My understanding is; mosquitoes are attracted to the CO2 you breath out. They smell it and stop by to fill up


----------



## Carey (Mar 6, 2012)

We always build a nice, large, smokey campfire.. It keeps em away pretty well...

Carey


----------



## Txcamper (Apr 3, 2006)

That palm tree reminds me of Disney World.


----------



## NobleEagle (Jul 8, 2006)

Well, the first night we were out on our 4 day trip, we didnt use the zapper because of a bad bulb. Day 2 I exchanged it after driving 10 miles to the nearest store and when we got back I had already sprayed down with bug spray but we set up the zapper anyways. That night, I didnt get one bite....If anyone was going to get bitten it would have been me...It always happens....they just love me....But on day 3 I didnt use spray and the zapper did an awesome job and saved my hide...again not one bite. I have to say it works for me.


----------



## countrygirl (Apr 9, 2006)

Off has come out with a new areosal spray...it is a powdery non sticky bug repellant and it works. Look for Off Smooth and dry.


----------



## tonka (Feb 14, 2005)

I must agree with the entertainment factor of a bug zapper. We went to watch July 4th fireworks one year with the family. The best place to be was just off this little side road.
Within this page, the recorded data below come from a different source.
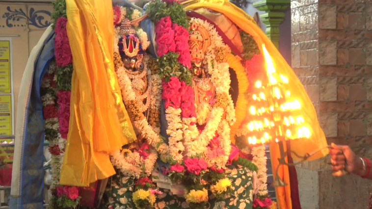 முன்னதாக மூலவர் விஷ்ணு துர்க்கை அம்மனுக்கு சிறப்பு அலங்காரம் நடைபெற்றது தொடர்ந்து உற்சவர் பெருமாள் மற்றும் தாயாரை மனக்கோளத்தில் சர்வ அலங்காரத்தில் எழுந்தருள செய்தனர்.
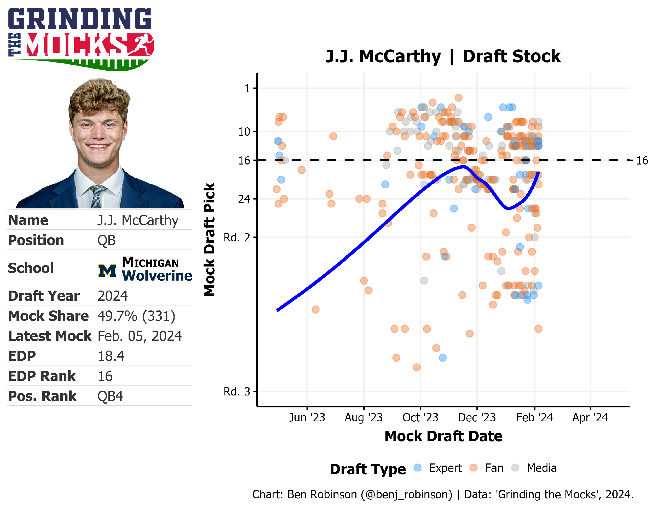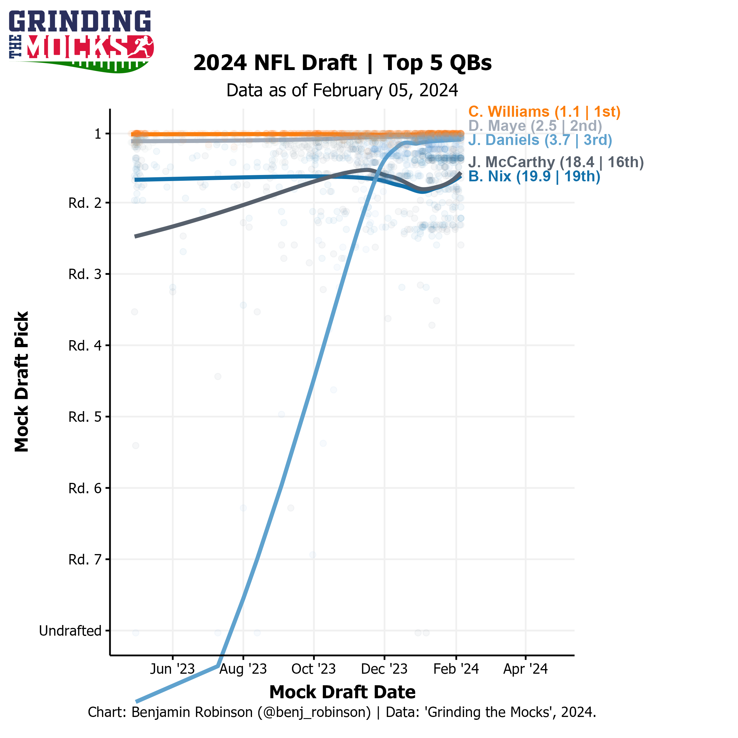 The NFL mock draft tool, Grinding the Mocks (created by former Football Outsiders' Benjamin Robinson), tracks every mock draft on the internet to help us visualize current prospect consensus. As you can see below, J.J. McCarthy saw a slight dip to his stock in January, but he's been quickly rising in recent weeks.
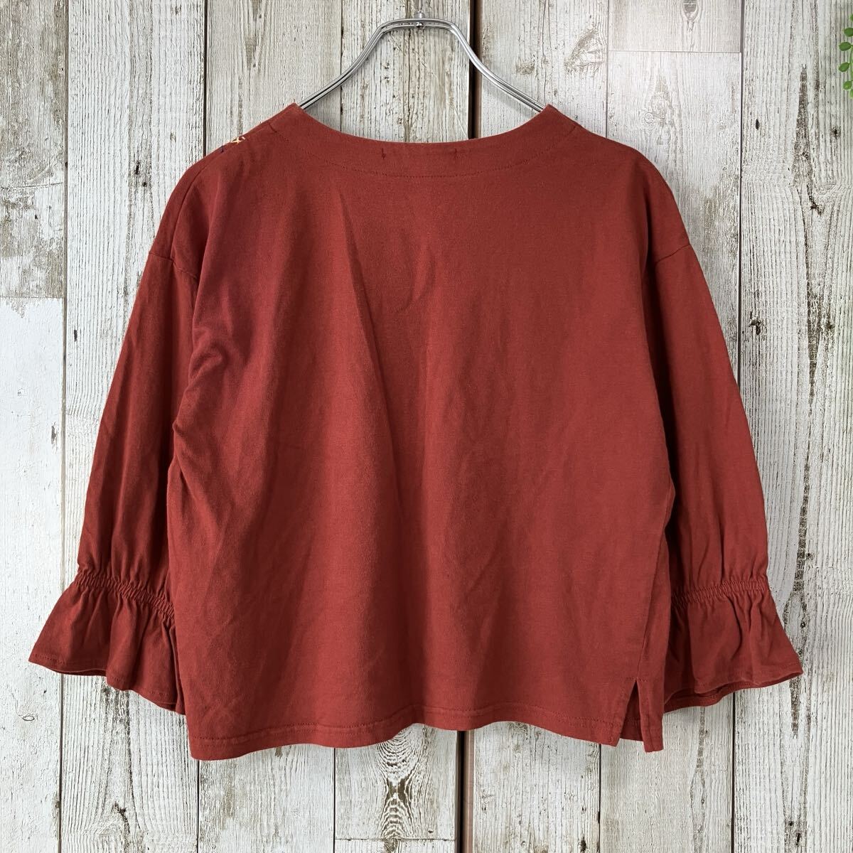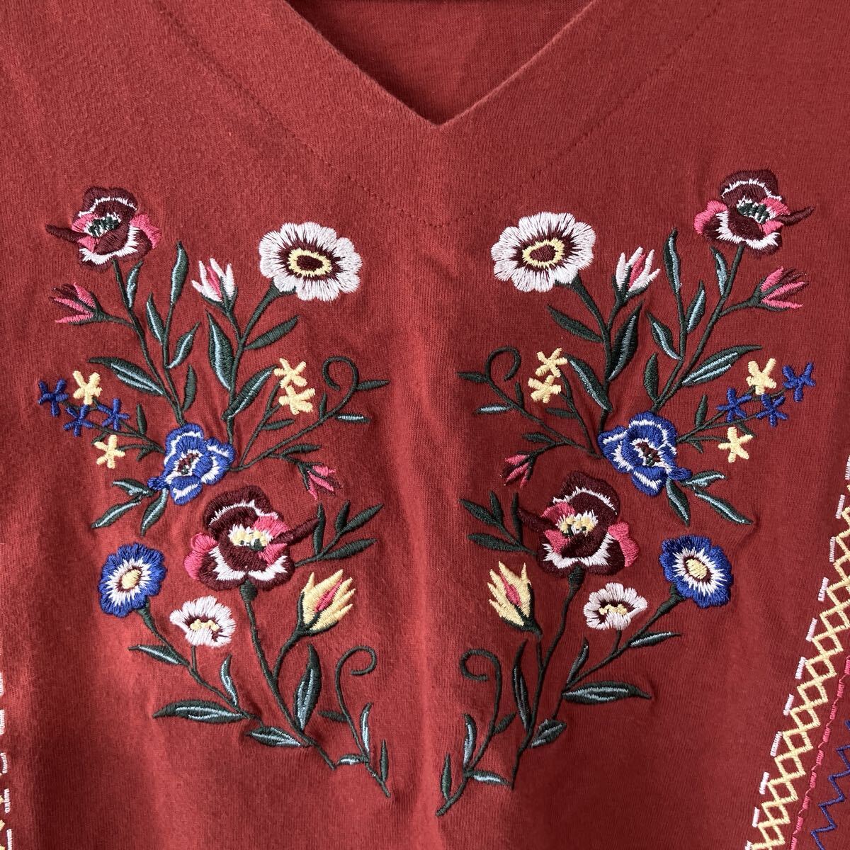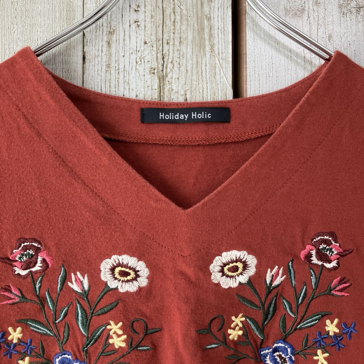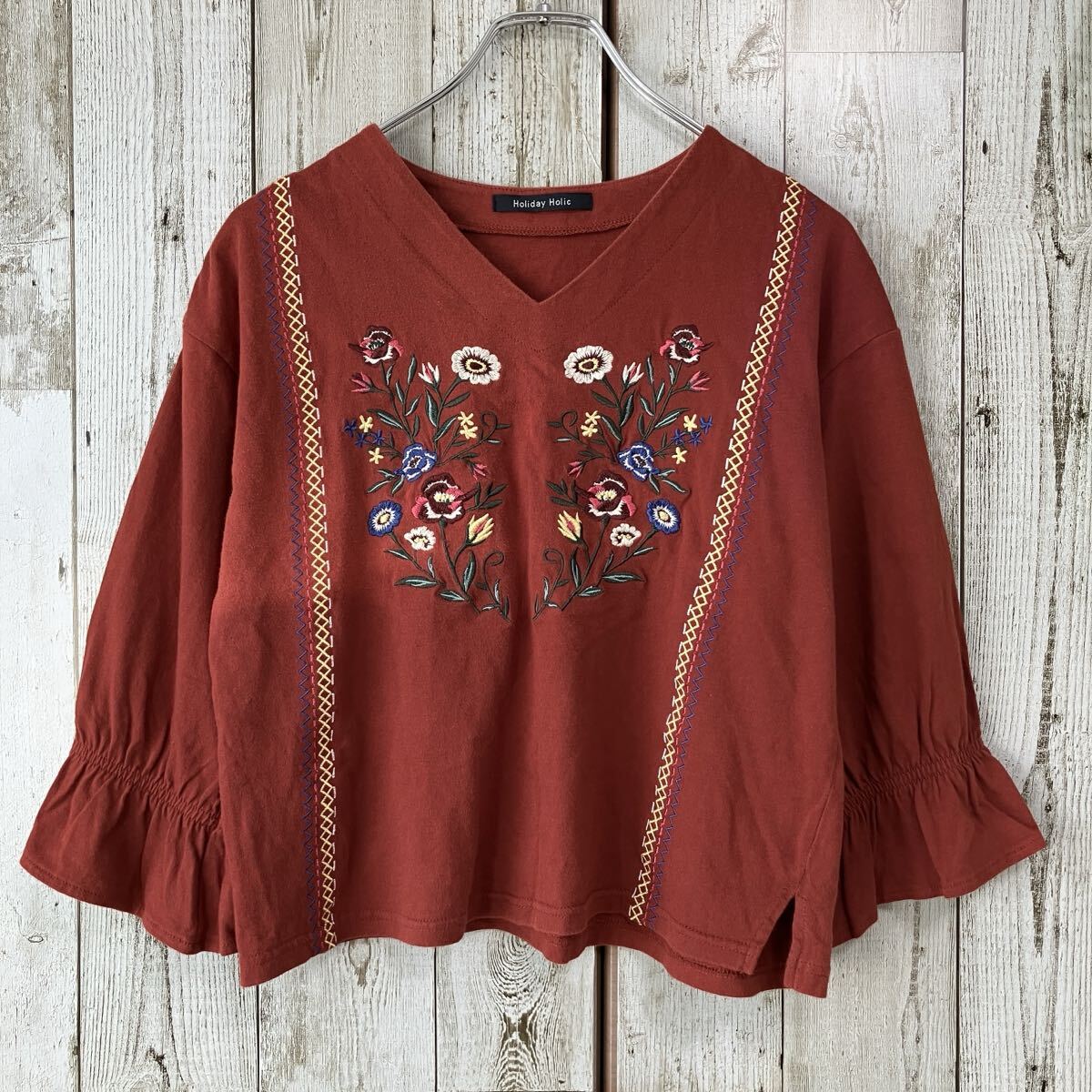 [訳あり]☆Holiday Holic ホリデーホリック☆カットソー ブラウス 花柄 刺繍 フレアスリーブ M スリット Vネック レッド レディース g5835

Anyway, there was a house not too far from where we'd parked and they had a HUGE bug zapper in the backyard that we all could hear and see. All the kids with us, including most of the adults just "ooooed and AAAHHHHED" the whole time.

No, we weren't watching the fireworks! We were watching and listening to the bug zapper!! They must have had some hum-diggers of big bugs in that yard. I've never seen such a show.

One of my nephews remarked, "If your favorite way to be entertained is to grab a beer, sit back and watch the bug zapper, "YOU might be a *******"!!!









Jules (Mrs. T)


----------



## rankatel (May 21, 2004)

use a Thermo-cell they are the best defense against mosquitos....I know because I'm a Florida Cracker!


----------



## sleecjr (Mar 24, 2006)

rankatel said:


> use a Thermo-cell they are the best defense against mosquitos....I know because I'm a Florida Cracker!


Yep they are the best!


----------



## Scoutr2 (Aug 21, 2006)

rankatel said:


> use a Thermo-cell they are the best defense against mosquitos....I know because I'm a Florida Cracker!


OK - I'll bite. What is a Thermo-cell? Never heard of it.

Mike


----------



## Mgonzo2u (Aug 3, 2004)

Waiting on the Thermo-cell feedback............


----------



## sleecjr (Mar 24, 2006)

http://www.mosquitorepellent.com/
Its the best. Unless there is a lot of wind.


----------



## BigBadBrain (Aug 26, 2004)

OK.

One for each pocket - that'd be four for me and one for the rest of the camp! I bet I could mak a harness and carry even more!

Thanks for the vector!

BBB


----------



## 3LEES (Feb 18, 2006)

tonka said:


> "If your favorite way to be entertained is to grab a beer, sit back and watch the bug zapper, "YOU might be a *******"!!!
> 
> Jules (Mrs. T)


Might??


----------



## countrygirl (Apr 9, 2006)

BigBadBrain said:


> OK.
> 
> One for each pocket - that'd be four for me and one for the rest of the camp! I bet I could mak a harness and carry even more!
> 
> ...


You can buy a holster/harness for the thermacell for around $13.00...then velcro it to your belt/belt-loop fanny pack etc. It is nice because it has pockets that you can insert refill cartridges on oneside and the repellent tabs on the otherside. Works for me very well in the Ga. Swamps where we hunt.

http://www.mosquitorepellent.com/holster.html


----------



## BigBadBrain (Aug 26, 2004)

countrygirl said:


> You can buy a holster/harness for the thermacell for around $13.00...then velcro it to your belt/belt-loop fanny pack etc. It is nice because it has pockets that you can insert refill cartridges on oneside and the repellent tabs on the otherside. Works for me very well in the Ga. Swamps where we hunt.
> 
> http://www.mosquitorepellent.com/holster.html


Uh, I thought I was making a joke but I take it back! That's actually kind of cool!

Something else to leave at home with the maps, BBQ, fuses...


----------